_Exercise_
Exclude the pictures, then quote exactly the lines from the one holding "Stanley Classic Vacuum" through the last line of the records.

Saved data entries:
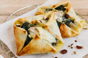 Savourez un joli mélange de caractère et de douceur avec ces feuilletés épinards et Pont l’Evêque AOP, préparés avec des noisettes concassées et des raisins ...
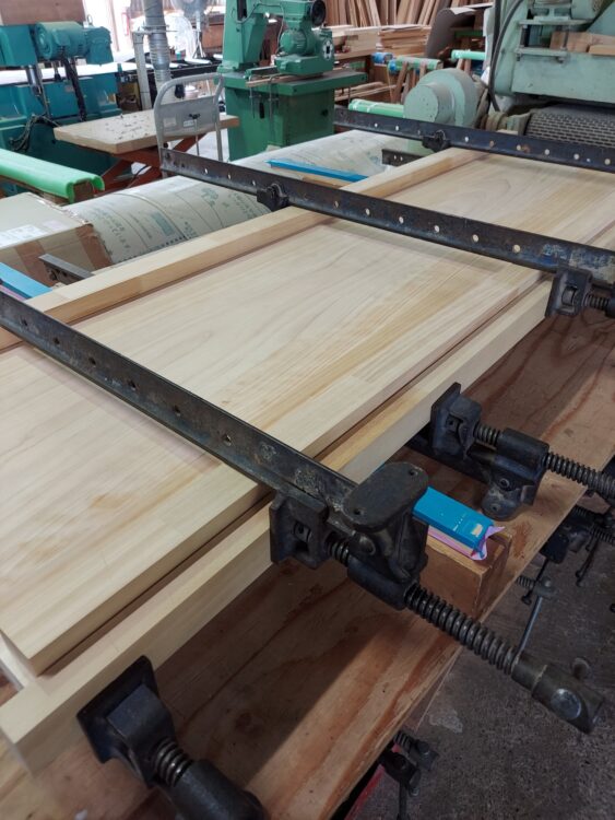 天板を貼って幅広の板を作ることがあります。
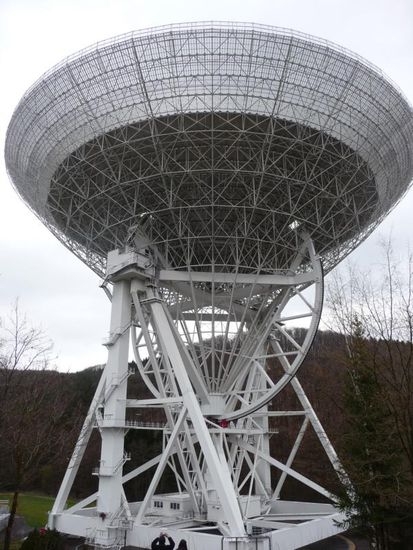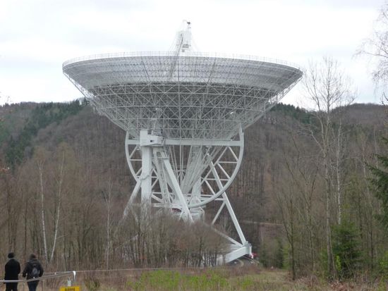 Das Radioteleskop empfängt Radiowellen aus bis zu 12 Milliarden Lichtjahren Entfernung. Die grünen Männlein lassen also grüßen
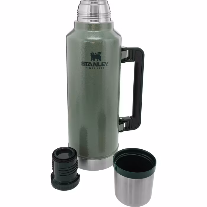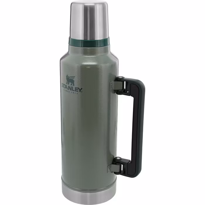 Stanley Classic Vacuum Bottle 2.3L är originalet bland termosar – byggd för att hålla i decennier och leverera varm dryck hela dagen, oavsett om du befinner dig på fjället, i arbetsfordonet, på jakten eller under långa vinterutflykter. Den ikoniska Hammertone Green‑designen kombinerar klassiskt utseende med modern prestanda.
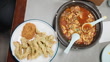 Wide shot of a traditional Chinese dish featuring spicy Mapo Tofu served alongside fried vegetables on a dining table. The vibrant red sauce of the tofu dish contrasts with the golden-brown vegetables, creating an appealing visual.

_Reply to the task_
 Stanley Classic Vacuum Bottle 2.3L är originalet bland termosar – byggd för att hålla i decennier och leverera varm dryck hela dagen, oavsett om du befinner dig på fjället, i arbetsfordonet, på jakten eller under långa vinterutflykter. Den ikoniska Hammertone Green‑designen kombinerar klassiskt utseende med modern prestanda.
 Wide shot of a traditional Chinese dish featuring spicy Mapo Tofu served alongside fried vegetables on a dining table. The vibrant red sauce of the tofu dish contrasts with the golden-brown vegetables, creating an appealing visual.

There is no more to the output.